Instructions for the task >> Verbatim copy, images omitted: return the full listing.

[Supplied information — start]

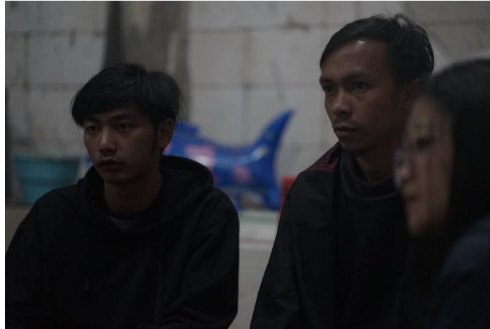
Gambar 2. Perwakilan Pemuda Desa Wonokitri

ranah yang lebih luas berbasis digital [18]. Pemuda desa dianggap lebih banyak memiliki pemahaman terhadap teknologi informasi menjadi modal yang cukup untuk melakukan promosi desa sebagai desa wisata [19]. Hal ini juga untuk mengajarkan dan memberikan pengetahuan kepada pemuda Desa Wonokitri tentang potensi yang dimiliki desa.
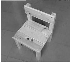
ミニイスを作ります。

[Supplied information — finish]

Solution >>
Gambar 2. Perwakilan Pemuda Desa Wonokitri

ranah yang lebih luas berbasis digital [18]. Pemuda desa dianggap lebih banyak memiliki pemahaman terhadap teknologi informasi menjadi modal yang cukup untuk melakukan promosi desa sebagai desa wisata [19]. Hal ini juga untuk mengajarkan dan memberikan pengetahuan kepada pemuda Desa Wonokitri tentang potensi yang dimiliki desa.
ミニイスを作ります。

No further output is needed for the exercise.